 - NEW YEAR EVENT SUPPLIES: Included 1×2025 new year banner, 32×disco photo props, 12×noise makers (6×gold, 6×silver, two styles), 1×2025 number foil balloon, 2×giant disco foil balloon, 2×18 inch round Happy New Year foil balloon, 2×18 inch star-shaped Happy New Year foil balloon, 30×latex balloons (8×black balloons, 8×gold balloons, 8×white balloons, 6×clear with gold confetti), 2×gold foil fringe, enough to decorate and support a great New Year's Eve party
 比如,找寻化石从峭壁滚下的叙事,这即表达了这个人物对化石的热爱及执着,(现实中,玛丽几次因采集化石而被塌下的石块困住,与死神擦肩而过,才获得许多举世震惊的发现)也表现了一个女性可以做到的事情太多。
...
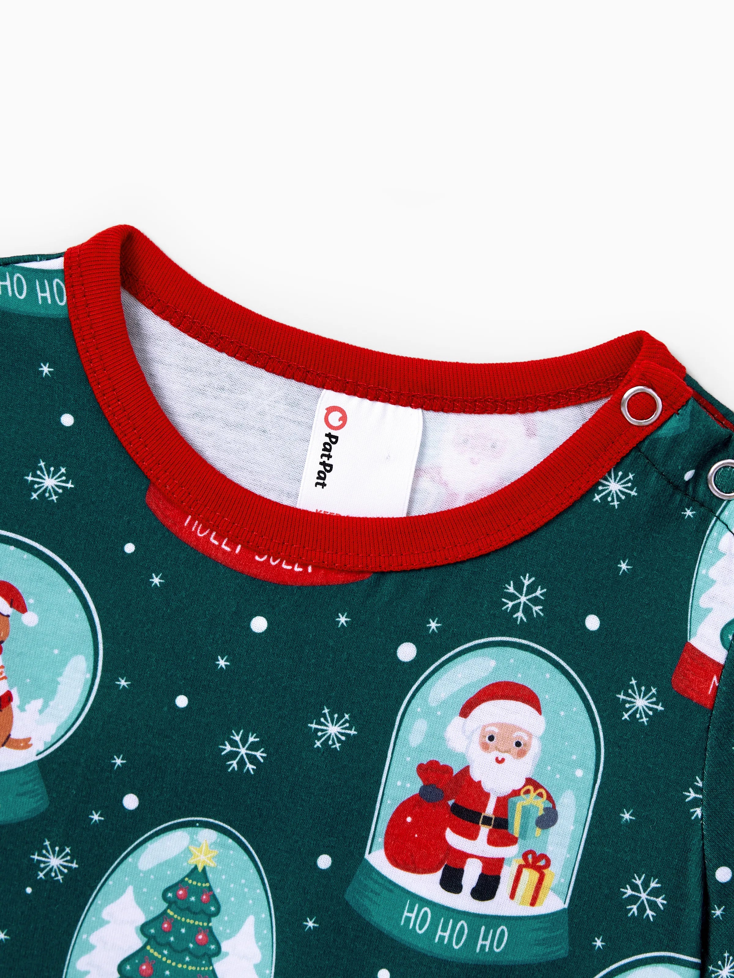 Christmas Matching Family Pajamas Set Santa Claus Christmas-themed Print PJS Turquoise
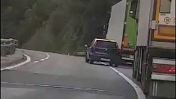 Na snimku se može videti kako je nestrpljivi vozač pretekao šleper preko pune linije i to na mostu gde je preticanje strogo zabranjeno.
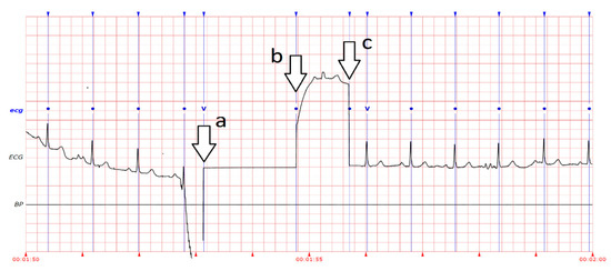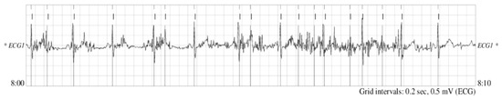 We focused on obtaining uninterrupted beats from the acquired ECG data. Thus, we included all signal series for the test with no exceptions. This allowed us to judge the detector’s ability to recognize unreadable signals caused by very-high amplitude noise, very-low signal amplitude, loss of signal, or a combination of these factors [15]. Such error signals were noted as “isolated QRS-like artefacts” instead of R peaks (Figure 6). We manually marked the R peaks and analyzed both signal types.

- **HOW TO COMPLETE THIS TASK**
Within the listing above, give again exactly every line from the line with "- NEW YEAR EVENT" through the line with "比如,找寻化石从峭壁滚下的叙", both included, and no other line.

- **RESPONSE TO THIS EXERCISE**
 - NEW YEAR EVENT SUPPLIES: Included 1×2025 new year banner, 32×disco photo props, 12×noise makers (6×gold, 6×silver, two styles), 1×2025 number foil balloon, 2×giant disco foil balloon, 2×18 inch round Happy New Year foil balloon, 2×18 inch star-shaped Happy New Year foil balloon, 30×latex balloons (8×black balloons, 8×gold balloons, 8×white balloons, 6×clear with gold confetti), 2×gold foil fringe, enough to decorate and support a great New Year's Eve party
 比如,找寻化石从峭壁滚下的叙事,这即表达了这个人物对化石的热爱及执着,(现实中,玛丽几次因采集化石而被塌下的石块困住,与死神擦肩而过,才获得许多举世震惊的发现)也表现了一个女性可以做到的事情太多。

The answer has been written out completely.